Differences in annotator sensibilities regarding which stenoses are considered significant may explain the relatively low agreement between observers. Only preselected images were interpreted, and the runs were not provided to the experts. This approach has the advantage of presenting the experts with the precise set of information that the algorithm utilizes. However, it makes it difficult to robustly assess stenosis significance, whether there is a single stenosis or multiple separate stenoses, and whether a stenosis is quantifiable. However, the agreements observed in quantitative (65%) and qualitative analyses (73%) of this study align with previous studies, which found an expert agreement on stenosis significance in 65%6 and 81%.8 These numbers emphasize the importance of developing models that reduce variability in clinical interpretation.
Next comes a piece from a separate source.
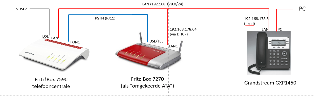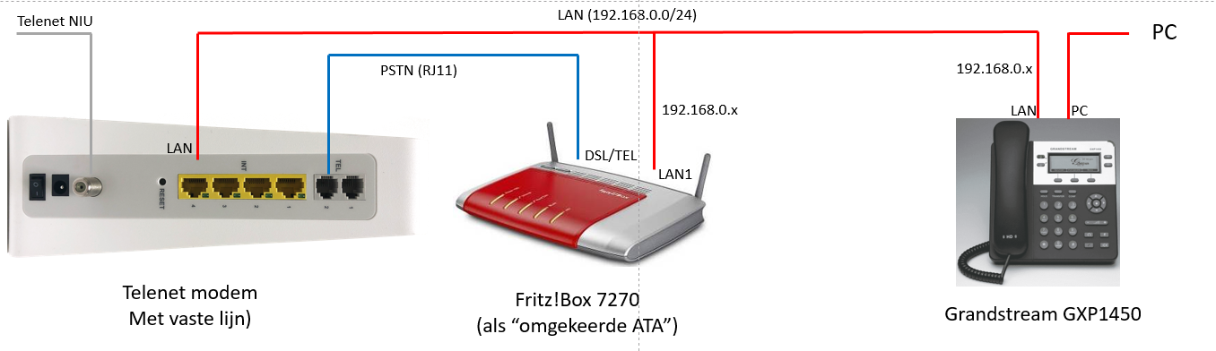 . - FritzBox 7272 ("omgekeerde ATA") en Grandstreal staan op het lokale netwerk.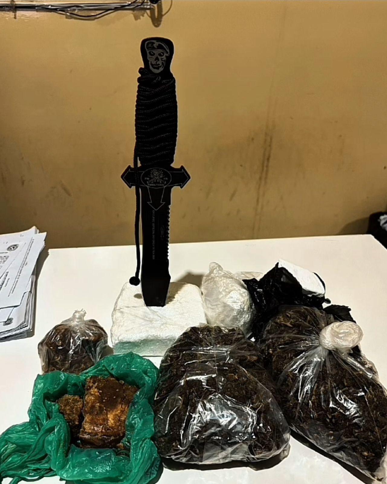 Durante a busca no local, a equipe encontrou diferentes tipos de drogas, incluindo pasta branca análoga à cocaína, porções de “skunk” e crack, todas embaladas para possível comercialização. O material foi apreendido e o homem recebeu voz de prisão.

The application of these models as independent observers, assisting physicians in the interpretation of ICA images, could improve the reliability and accuracy of stenosis assessments. This may contribute to better-informed clinical decisions and potentially enhance patient outcomes.32

Study limitations

Several remarks should be made about this study. First, the models trained were only restricted to the main arteries. Smaller branches of the coronary arteries were not considered. Second, qualitative assessment provided additional information about the stenosis detection algorithm trained on data of both centers. The lengths and diameters of the stenosis were assessed as accurate or with minor errors in most cases, which suggest that the algorithm can help provide physicians with QCA information. Third, the speed of the algorithms and the time required from physicians is increasingly important when implementing novel digital solutions,38 especially when algorithms need to operate in real-time. In this study, the processing of single images was fast and typically ranged from 2 to 7 seconds. These values were in line with the DeepDiscern study, which recorded 1.3 seconds for segment recognition and 0.7 seconds for lesion detection.21 However, analyzing multiple frames, as required for processing ICA videos, will take more time. This was demonstrated by the DeepCoro pipeline, which required an average of 63 seconds to generate predictions for a video.32 Fourth, training and testing was performed on data of 2 centers, and the models were further evaluated on the ARCADE data set.24 It is further expected that including data from additional centers in model training will continue to improve performance. These models may enable a more standardized and reliable assessment of stenoses by serving as an independent observer during ICA interpretation and could enhance diagnostic accuracy. Fifth, all images were acquired using Philips equipment, which may limit the generalizability of the findings to centers using imaging systems from other vendors. However, we evaluated the models on the ARCADE data set, which include images acquired using both Philips and Siemens imaging systems and found similar stenosis detection rates. Sixth, video-based models have the potential to improve performance over image-based models used in this study. The temporal information video-based models use is necessary to understand the dynamics of the cardiovascular system, mimicking how physicians analyze ICA videos.32

Conclusions

Among the multiple deep learning models trained, 2 demonstrated performance on par with experts in coronary artery segmentation and in detecting significant stenoses in the main arteries. The findings of this study demonstrate that data set size, stenosis prevalence, and the choice of training and testing centers are important factors to consider when developing models for automated coronary angiography analysis.

Perspectives.

COMPETENCY IN MEDICAL KNOWLEDGE: This study focuses on automating coronary artery segmentation and stenosis detection by developing a deep learning model, externally validating it, and comparing the performance to expert variability. These findings enhance understanding of how AI-based tools can support accurate and consistent interpretation of coronary angiography.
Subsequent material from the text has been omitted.